» Aim of the exercise: Everything from the line containing "Great Crested Grebe" to the last line of the listing below should be restated exactly, both ends included, with nothing added and the pictures omitted.

» Exercise data:
--- START ---

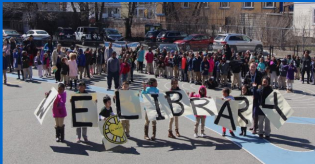
Maalinta Maktabadda Dugsiga Qaranka P.A. Iskuulka Hoose ee Shaw
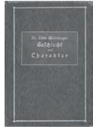
6. Cover of the first edition of Otto Weininger's Geschlecht und Charakter (Sex and Character), 1903 (Vienna/Leipzig: Wilhelm Braumüller, 1903).
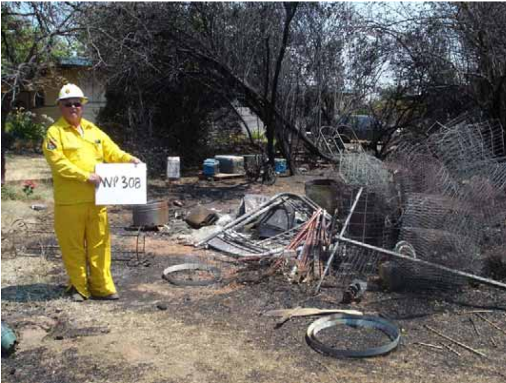
Waypoint 308, 467 Lone Tree Rd 6/12/08
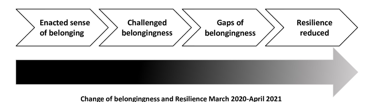
Fig 3. Challenged belongingness and its impact on resilience: First year of COVID-19.

https://doi.org/10.1371/journal.pone.0276561.g003
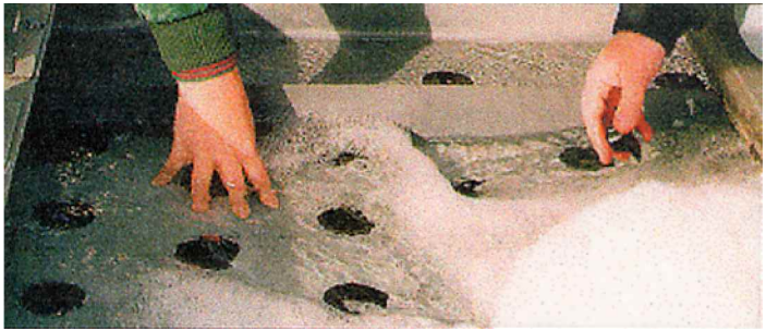
Problems solved & pans protected with CHEMCLAD SC.

700 Hicksville Road • ENECON Center Suite 110 • Bethpage, New York 11714 Toll Free: 888-4-ENECON • Phone: 516.349.0022 • Fax: 516.349.5522 Website: www.enecon.com • Email: info@enecon.com
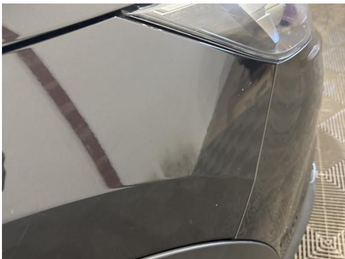
21: Wing osf Chipped 1 To 5
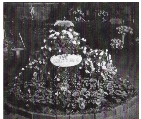
Floral Show, OH State Fairgrounds, c.1930s Bexley Floral Company display

A side note: The Big Bear Supermarket Chain was founded in Columbus in 1933. This marked the beginning of self-service supermarkets in the Midwest. After 75+ years, Big Bear grocery stores closed.
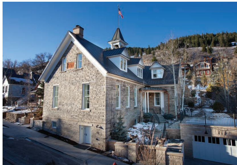
One of Park City's historic landmarks, the Washington School House was built in 1889 and is just steps above bustling Main Street.

30 Use glass objects to lighten a display. Crystal pitchers and glassware provide interest and sparkle to the built-in shelves without adding bulk or visual weight. USD
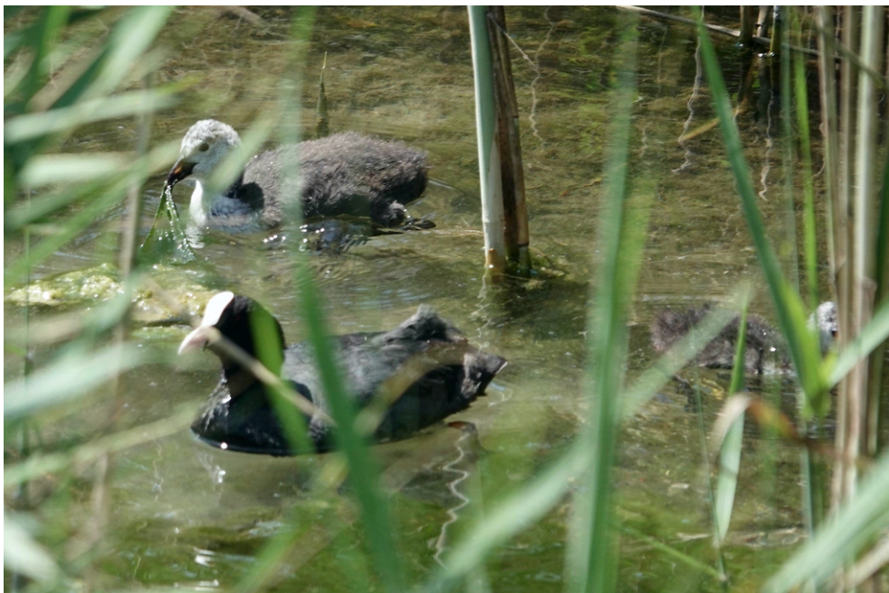
Great Crested Grebe ( Podiceps cristatus cristatus ) – One was on Asprokremmos Reservoir on 1 st June.
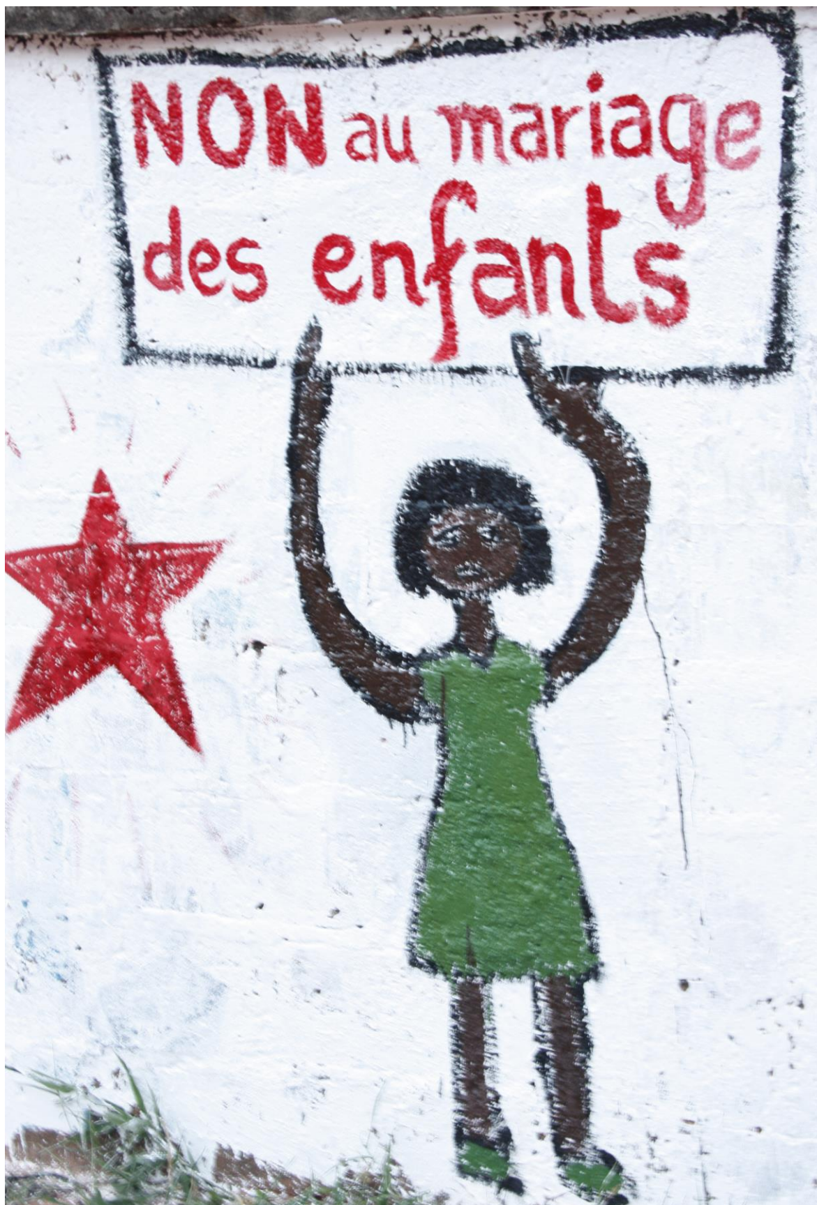
Painted wall in Bobo Dioulasso saying "No to child marriage" near the Maïa association which works on sexual and reproductive rights.

--- END ---

» Answer to the problem:
Great Crested Grebe ( Podiceps cristatus cristatus ) – One was on Asprokremmos Reservoir on 1 st June.
Painted wall in Bobo Dioulasso saying "No to child marriage" near the Maïa association which works on sexual and reproductive rights.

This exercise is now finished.